Saturday, July 22, 2006

Polar bears, it seems, like lettuce and radishes.

I've been helping an older lady of my acquaintance, Jess, with her Canada pension application. The government keeps sending her demands for documents, most of which she doesn't have. I've called Ottawa three times for her so far. Once I got a snarky bitch. Who insisted on talking to poor Jess. "Well, is Jess there?" the S.B. demanded, when I had explained why I was calling. When I said yes, she said, "I have to talk to her." Jess listened with a bewildered look on her face for a minute or so, and then said, "I don't understand", and handed the phone back to me. Another operator, on another day, was super-helpful and patient but didn't have a clue where Nunavut is located. She guessed northern BC at one point.

We've been trying to track down documents -- but Jess and her husband were married, she tells me, "Eskimo-style". No certificates. She didn't know him, when they got together it was because her family and his family decided it between them. In fact, she was away at school when the plans were made. I asked her if she was ok with that. She looked a bit confused, and so I said, "Was he cute?" She giggled at that point and said, "Oh, yes, very cute."

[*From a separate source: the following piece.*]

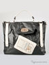 Эффектная сумка-портфель из фактурной искусственной кожи. Спереди оригинальные вставки из кожи контрастного цвета. Основное отделение застегивается на молнию и клапан с поворотным механизмом. Один внешний прорезной карман на молнии.
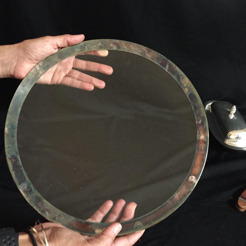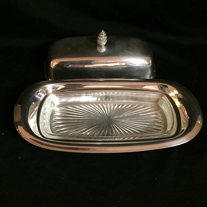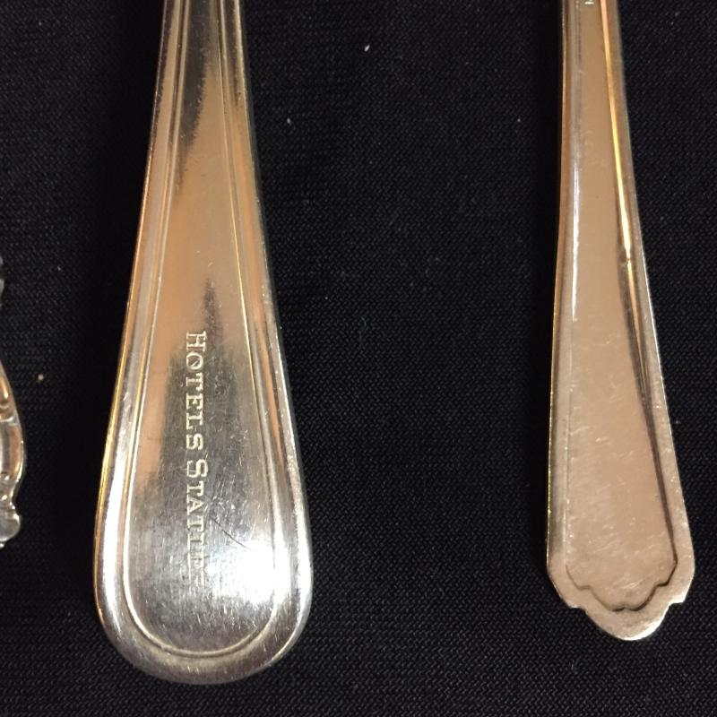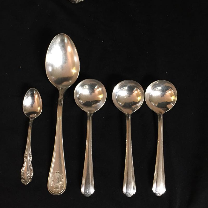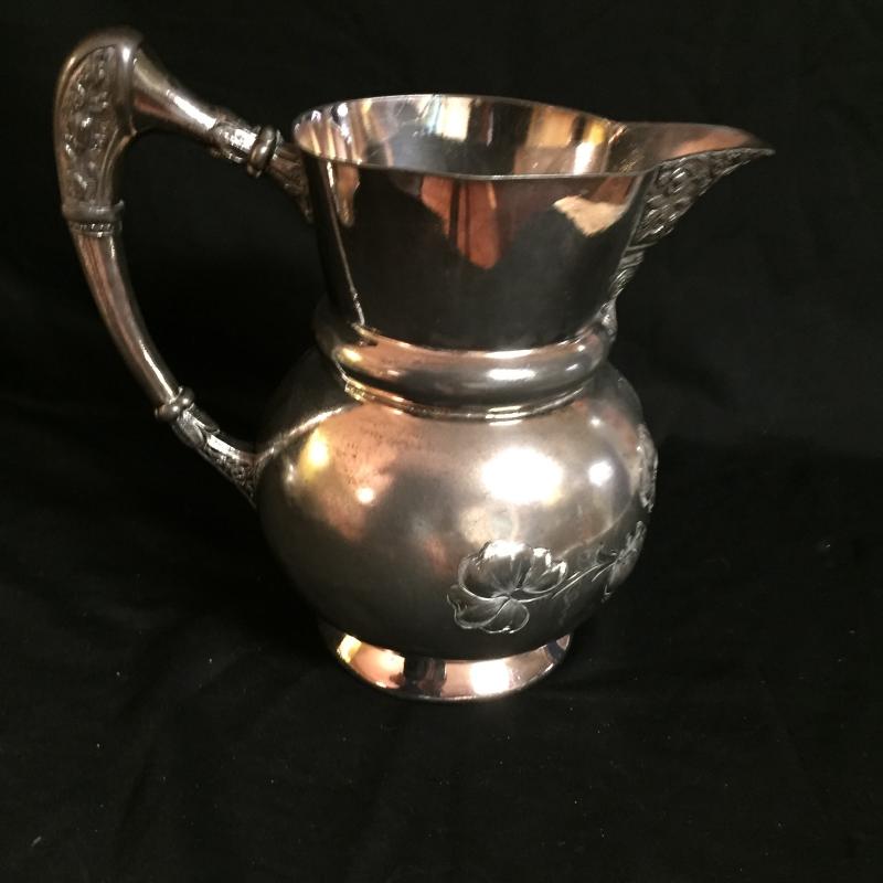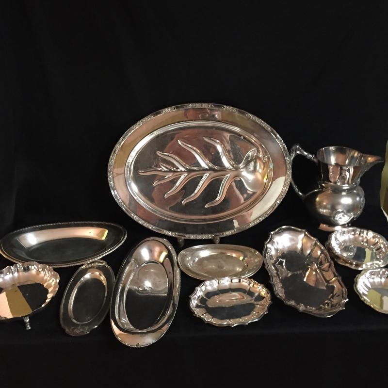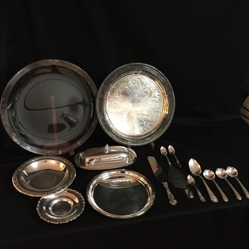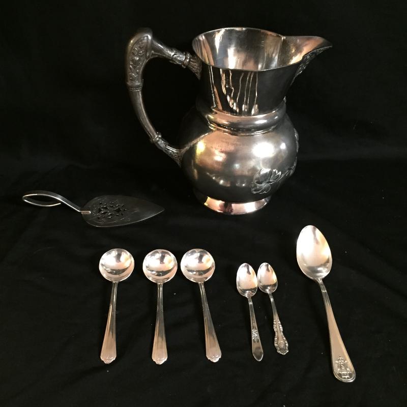 This silver plated lot includes several serving pieces and a glass and silver lined platter. It also includes hotel spoons from Waldorf Astoria and More. The Pitcher appears to be pretty old and is engraved with floral design. Oval Plate Measures 18”. Local Pickup Only

One of the forms Jess was sent, a declaration of common-law relationship, required his signature. As he's been dead since the early eighties, this meant another call to the pension office. When I explained to Jess that the pension office had helped me to find and print out a different form, because we'd never be able to get his signature, she laughed and put her hands together as if she was praying, and then looked up at the ceiling, saying, "Please come down and sign my form."

But anyway. We got talking about polar bears. Jess says she has lived in the Arctic all her life, sixty years, and she's never seen a polar bear. And when she was a girl, her family lived out on the land, down at Bathurst Inlet.